Below are entries; output exactly the lines from the one with "2月27日,岛城市区天气晴好" to the one with "Douala. Funérailles du", both included, and nothing else.

+++ The input

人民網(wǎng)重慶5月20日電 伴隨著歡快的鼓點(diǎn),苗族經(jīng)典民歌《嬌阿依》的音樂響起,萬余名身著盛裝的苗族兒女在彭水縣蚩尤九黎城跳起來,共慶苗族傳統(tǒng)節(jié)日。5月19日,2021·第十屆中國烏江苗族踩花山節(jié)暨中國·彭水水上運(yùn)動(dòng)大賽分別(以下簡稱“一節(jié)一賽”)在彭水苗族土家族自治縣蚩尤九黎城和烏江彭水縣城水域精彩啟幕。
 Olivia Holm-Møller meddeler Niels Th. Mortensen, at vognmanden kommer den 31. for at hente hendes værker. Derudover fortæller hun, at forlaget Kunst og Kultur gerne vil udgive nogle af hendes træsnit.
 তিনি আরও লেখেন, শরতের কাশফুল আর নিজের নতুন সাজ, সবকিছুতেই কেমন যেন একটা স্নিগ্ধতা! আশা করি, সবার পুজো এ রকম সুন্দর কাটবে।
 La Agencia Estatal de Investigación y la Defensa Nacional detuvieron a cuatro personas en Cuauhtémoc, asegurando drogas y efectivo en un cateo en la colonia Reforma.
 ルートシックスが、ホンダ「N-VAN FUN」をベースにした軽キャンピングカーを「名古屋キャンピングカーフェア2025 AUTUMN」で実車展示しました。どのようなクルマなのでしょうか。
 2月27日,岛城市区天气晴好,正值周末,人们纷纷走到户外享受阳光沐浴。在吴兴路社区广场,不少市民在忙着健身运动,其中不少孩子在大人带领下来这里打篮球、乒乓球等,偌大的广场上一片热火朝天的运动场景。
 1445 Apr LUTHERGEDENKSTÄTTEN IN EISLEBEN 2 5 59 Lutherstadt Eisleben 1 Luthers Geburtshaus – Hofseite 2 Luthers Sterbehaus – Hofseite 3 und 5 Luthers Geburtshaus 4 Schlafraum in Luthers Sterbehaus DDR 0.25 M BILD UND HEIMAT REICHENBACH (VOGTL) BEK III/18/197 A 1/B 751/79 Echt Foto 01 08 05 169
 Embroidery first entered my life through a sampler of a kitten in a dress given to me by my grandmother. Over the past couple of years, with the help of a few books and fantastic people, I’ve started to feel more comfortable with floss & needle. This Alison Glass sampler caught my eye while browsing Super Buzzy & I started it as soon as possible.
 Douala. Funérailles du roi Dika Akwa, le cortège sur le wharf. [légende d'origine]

++++++
+++ The input

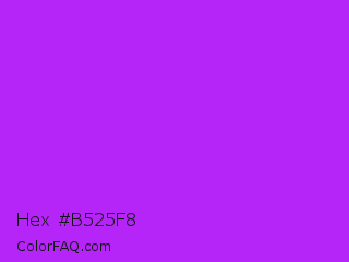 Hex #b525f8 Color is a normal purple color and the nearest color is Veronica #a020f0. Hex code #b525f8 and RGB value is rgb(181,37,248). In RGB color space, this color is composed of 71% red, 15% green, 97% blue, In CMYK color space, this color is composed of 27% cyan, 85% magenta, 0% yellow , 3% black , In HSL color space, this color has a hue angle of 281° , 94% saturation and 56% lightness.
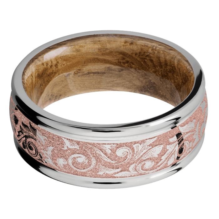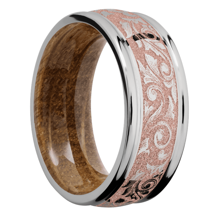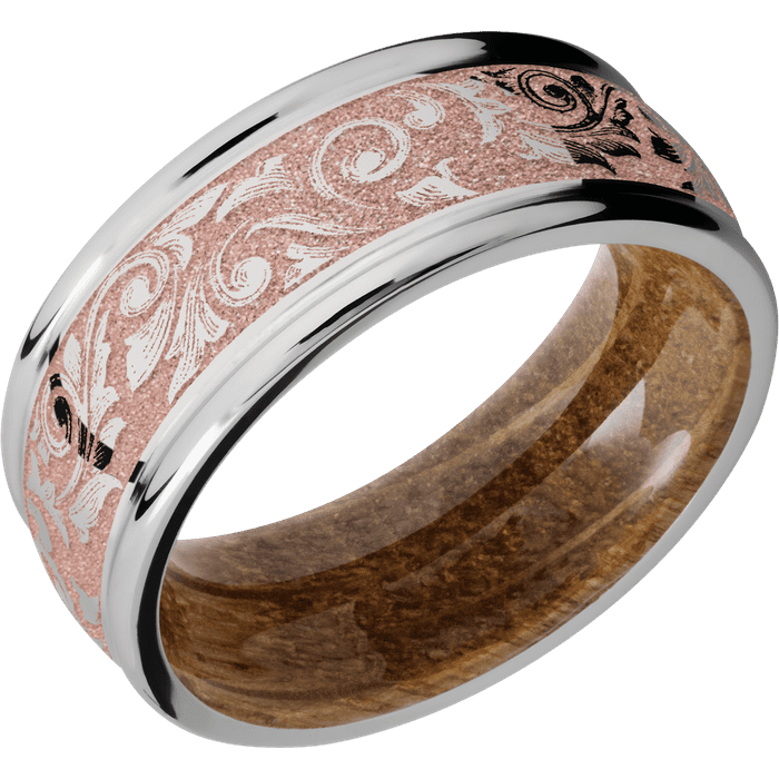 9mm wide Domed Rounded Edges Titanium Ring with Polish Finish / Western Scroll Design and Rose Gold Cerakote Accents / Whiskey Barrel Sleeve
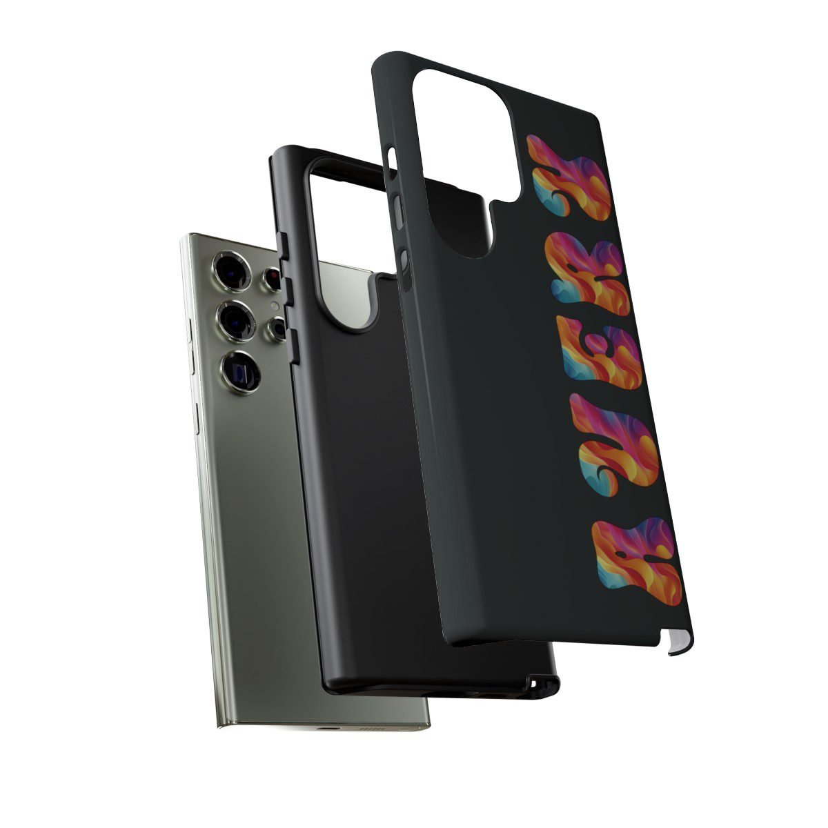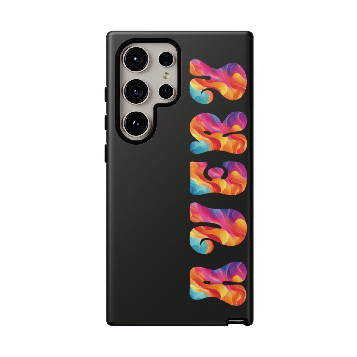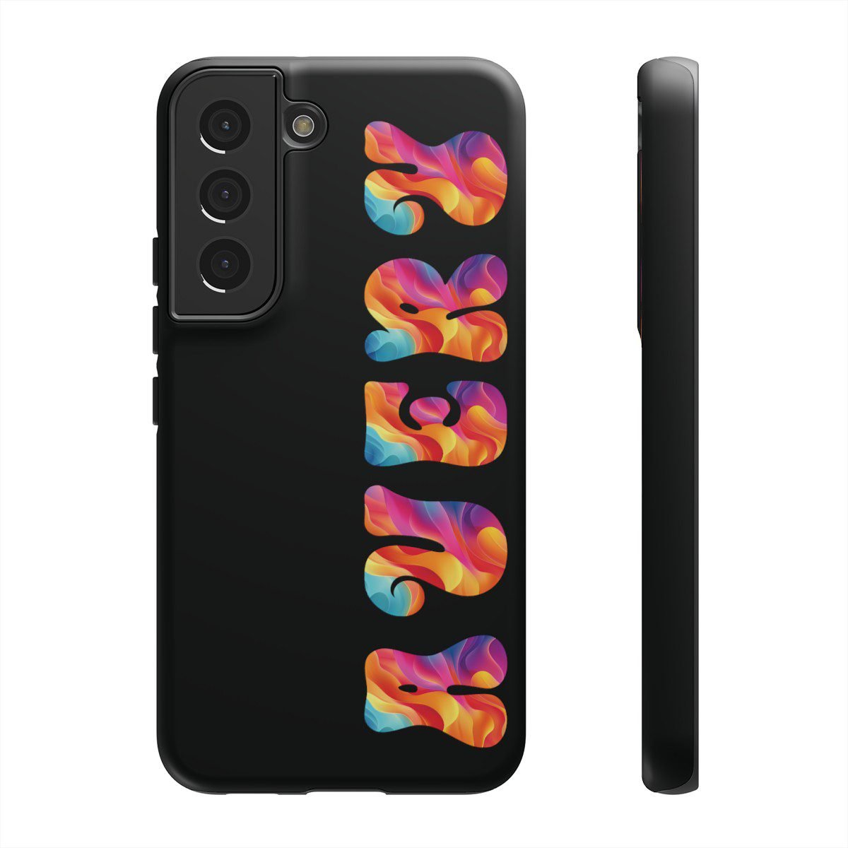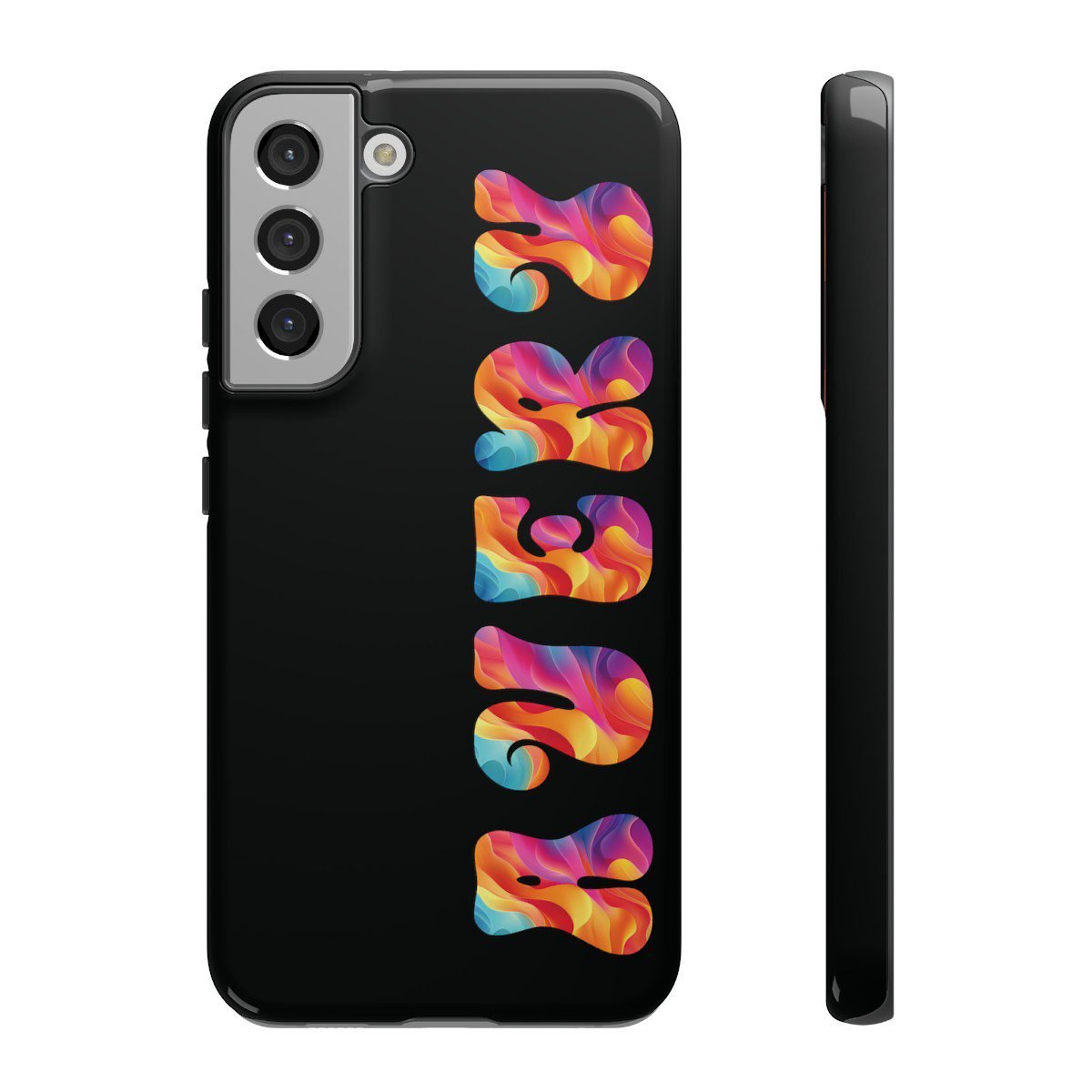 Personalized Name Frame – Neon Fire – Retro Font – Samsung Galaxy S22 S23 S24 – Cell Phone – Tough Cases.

++++++

Response:
 2月27日,岛城市区天气晴好,正值周末,人们纷纷走到户外享受阳光沐浴。在吴兴路社区广场,不少市民在忙着健身运动,其中不少孩子在大人带领下来这里打篮球、乒乓球等,偌大的广场上一片热火朝天的运动场景。
 1445 Apr LUTHERGEDENKSTÄTTEN IN EISLEBEN 2 5 59 Lutherstadt Eisleben 1 Luthers Geburtshaus – Hofseite 2 Luthers Sterbehaus – Hofseite 3 und 5 Luthers Geburtshaus 4 Schlafraum in Luthers Sterbehaus DDR 0.25 M BILD UND HEIMAT REICHENBACH (VOGTL) BEK III/18/197 A 1/B 751/79 Echt Foto 01 08 05 169
 Embroidery first entered my life through a sampler of a kitten in a dress given to me by my grandmother. Over the past couple of years, with the help of a few books and fantastic people, I’ve started to feel more comfortable with floss & needle. This Alison Glass sampler caught my eye while browsing Super Buzzy & I started it as soon as possible.
 Douala. Funérailles du roi Dika Akwa, le cortège sur le wharf. [légende d'origine]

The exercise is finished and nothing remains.